==== Exercise data

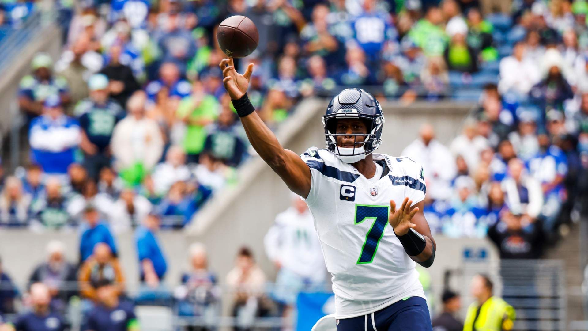 Sep 24, 2023; Seattle, Washington, USA; Seattle Seahawks quarterback Geno Smith (7) passes against the Carolina Panthers during the first quarter at Lumen Field. Mandatory Credit: Joe Nicholson-USA TODAY Sports
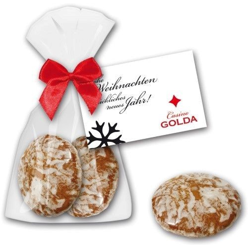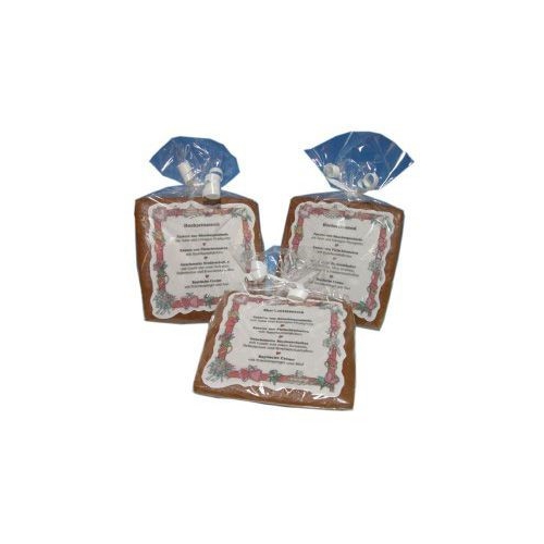 Individueller Lebkuchen mit vollflächig bedrucktem Marzipan-Fondant-Plättchen (Lebensmittelfarbe). Traditionell in Handarbeit hergestellt. Hygienisch im Glanzbeutel mit wahlweise roter oder weißer Santinschleife aufgebunden.
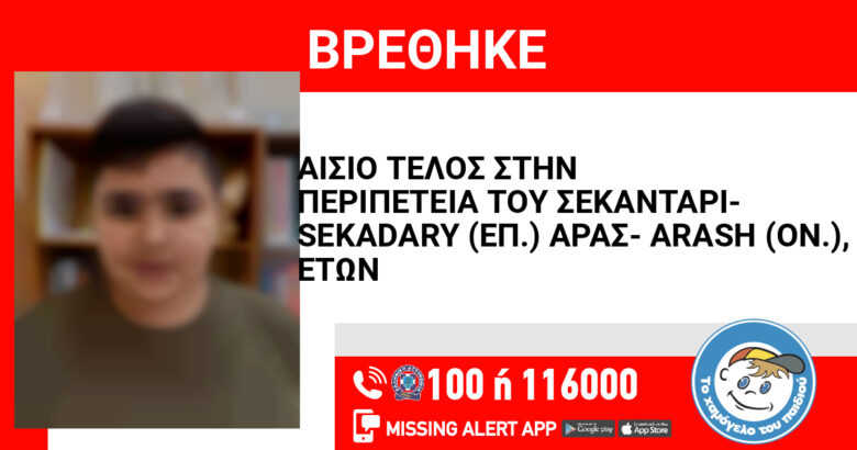 Ο Σεκαντάρι- Sekadary (επ.) Αράς- Arash (ον.), 15 ετών, βρέθηκε στην περιοχή του κέντρου της Αθήνας, από τις Αστυνομικές Αρχές και είναι καλά στην υγεία του. Είχε εξαφανιστεί από την περιοχή του Αλίμου, στις 27/07/2025 και «Το Χαμόγελο του Παιδιού» προχώρησε στη δημοσιοποίηση των στοιχείων του, κατόπιν εισαγγελικής εντολής, καθώς συνέτρεχαν λόγοι που έθεταν τη ζωή του σε κίνδυνο.
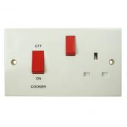BG Nexus 971 Square Edge White 2G 45A Cooker Panel C/W Single Socket
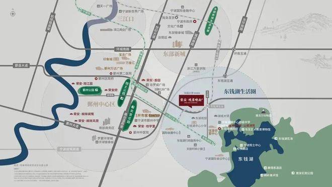 荣安观棠晴雨府还有一个突出的优势,其紧邻东钱湖旅游度假区,距离东钱湖湖滨公园2.7公里左右,附近还有龙湾公园、渔金公园等等,生态环境优越。

========

**What you need to do:**
Exactly as they appear, repeat the lines from the one containing "BG Nexus 971" through the last line of the entries, counting both ends. Pictures stay out.

**Task answer:**
BG Nexus 971 Square Edge White 2G 45A Cooker Panel C/W Single Socket
 荣安观棠晴雨府还有一个突出的优势,其紧邻东钱湖旅游度假区,距离东钱湖湖滨公园2.7公里左右,附近还有龙湾公园、渔金公园等等,生态环境优越。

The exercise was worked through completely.